Podcastindex-org / database

16 stars 6 forks source link

Is the itunesId column kept up to date? #35

Open ryan-lp opened 6 months ago

ryan-lp commented 6 months ago

One approach out there to abide by app/play store guidelines is to only list podcasts that are listed in Apple's directory and rely on the existing review process Apple already uses for podcasts it accepts into its directory, i.e. podcasts that have an iTunes ID. The Podcast Index DB provides an itunesId column which might be useful for this purpose.

However, if a podcast that was previously listed in Apple's directory is later found to be in violation of Apple's content guidelines and its iTunes ID is revoked, the Podcast Index DB itunesId column would be invalidated for this purpose unless it were also kept up to date.

This raises the question, is the itunesId column kept up to date?

daveajones commented 6 months ago

It is kept up to date through various methods, primarily Marco syncing with us. But also various cleanup scripts. It’s not perfect because Apple’s db isn’t perfect and things often disappear/reappear from AP or have multiple iTunes id’s pointing to the same feed, etc. it’s a mess.

ryan-lp commented 6 months ago

Thanks, would it be worthwhile making a page somewhere which goes through each column in the schema and explains what it is and any related facts, such as in this case, that it is kept up to date?
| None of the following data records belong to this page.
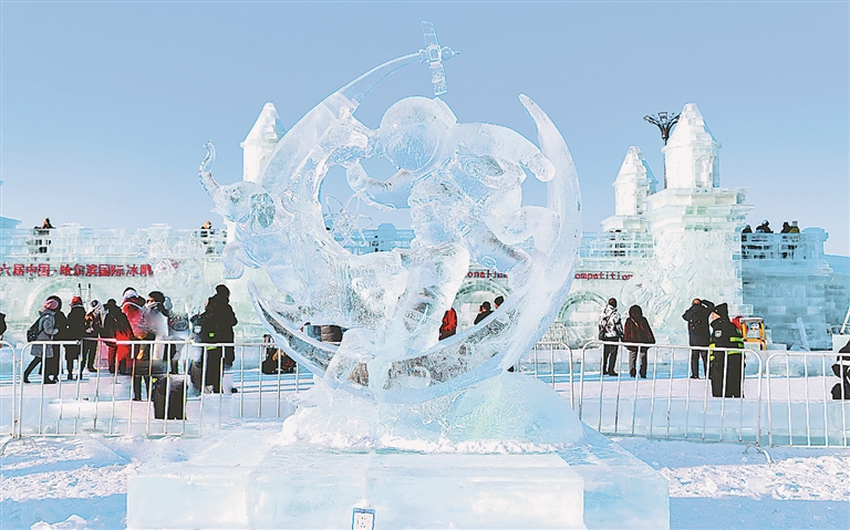 本屆比賽吸引了來自中、俄、美、法等12個(gè)國家的30支冰雕隊(duì)參賽?!毒聿赝ぁ芬詢和笾獮橹黝},用幼童勤奮讀書、與書為友的畫面,刻畫出其對知識的渴望。本報(bào)記者 郭俊峰攝
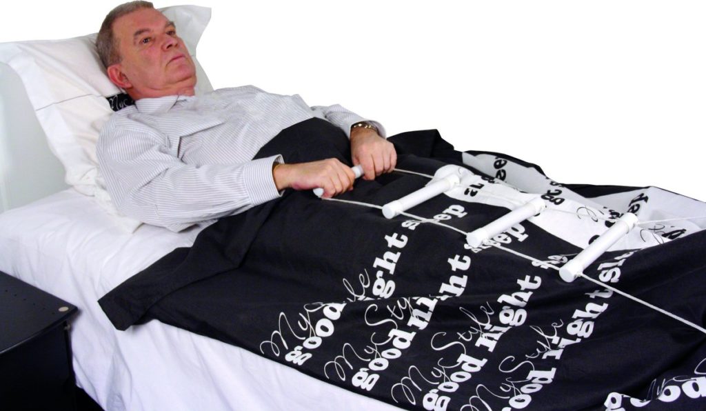 Для лежачих больных. С помощью такой лестницы человек сможет сам садиться на кровати
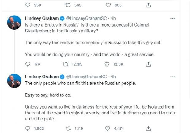 Nexta_tv notează că ambasada Rusiei în SUA a reacționat la postările lui Graham spunând că îndemnul la asasinarea președintelui rus este o infracțiune și solicitând explicații autorităților americane.
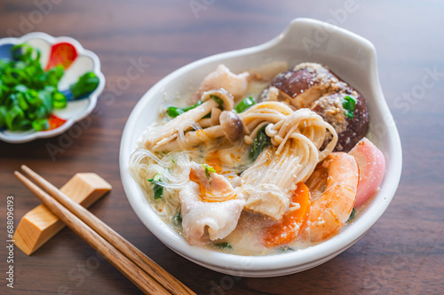 casserole, pot, meal, mushroom, green onion, health, winter, warm up, diet, cosmetic, vegetable, chopstick, dinner, food, food, pork, pork, miso, liqueur, soy sauce, delicious, table, seafood, handcraft, up, japan, photo
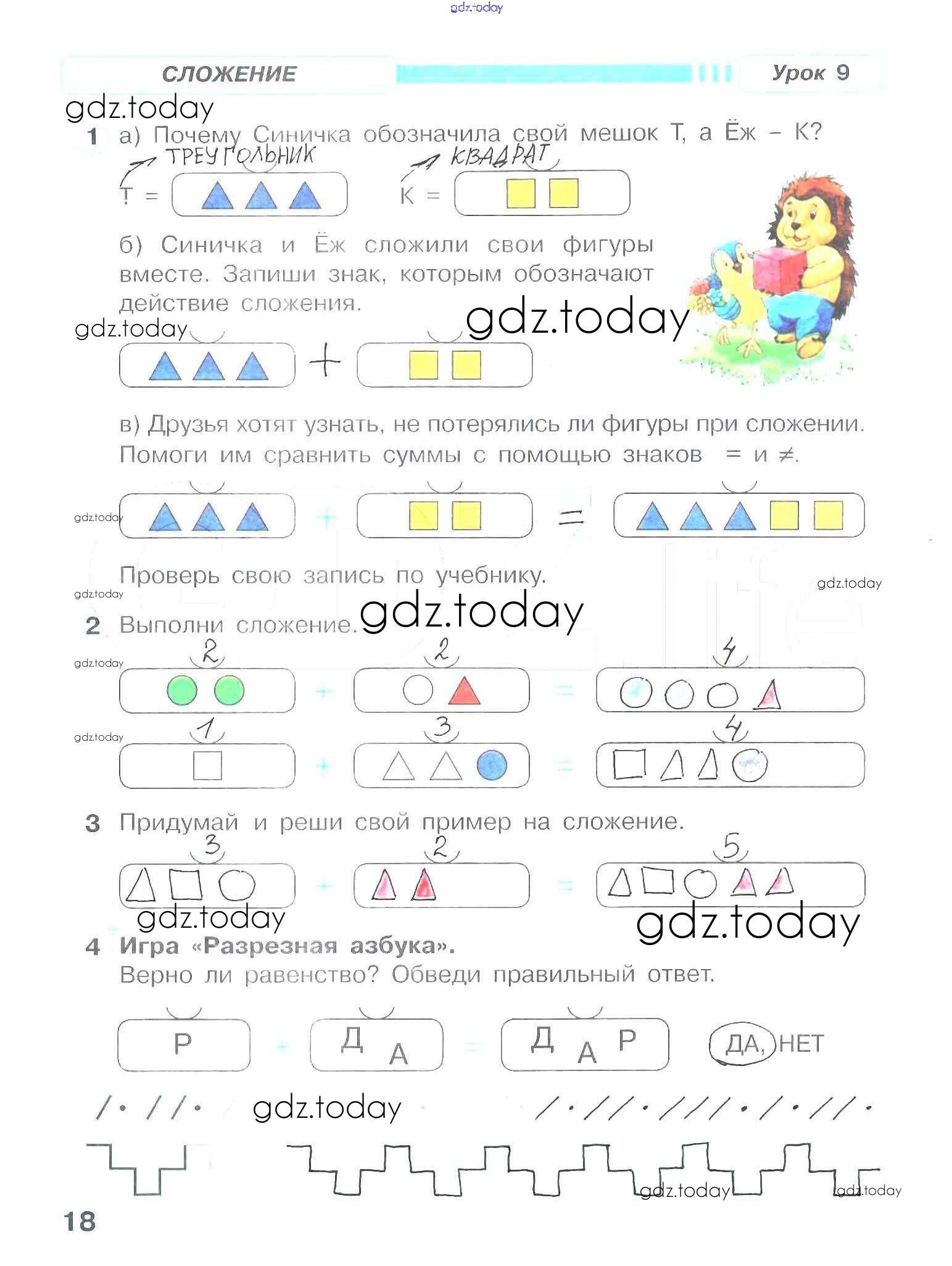 На страницах сайта gdz.today вы найдете учебный и вспомогательный материал, направленный на улучшения знаний школьной программы. ГДЗ - онлайн мир знаний Решение к части 1. Страницы 18 Рабочей тетради по Математике для 1 класса Петерсон Ювента Учусь учиться 2016

In this particular case, and unfortunately I can't remember which record it was now, but I thought I noticed some records where the podcast was no longer in Apple's index but the itunesId column was still set. I'll see if I can find it in my command history.

ryan-lp commented 6 months ago

Here it is:

sqlite> select id, itunesId, url from podcasts where id = 311875;
311875|355514361|https://www.tct.tv/podcasts/fih.php

The feed URL is a PHP script that may have worked in the past since it looks like valid PHP code for generating an RSS feed, however the server is now misconfigured and a GET request just returns the PHP script code itself. Your crawler also seems to use an extremely forgiving parser in that it still picks up all of the XML start/end tags within the PHP script, and ends up capturing the language element value as '. $lang.

However, when I query the iTunes API with the itunesId 355514361, I get an empty result which suggests it Apple might have removed it.

It is kept up to date through various methods, primarily Marco syncing with us.

If the syncing is initiated from Marco's end for each record that he has, then I guess that he just doesn't have a record for 355514361 while you do, and that syncing process leaves 355514361 eternally untouched?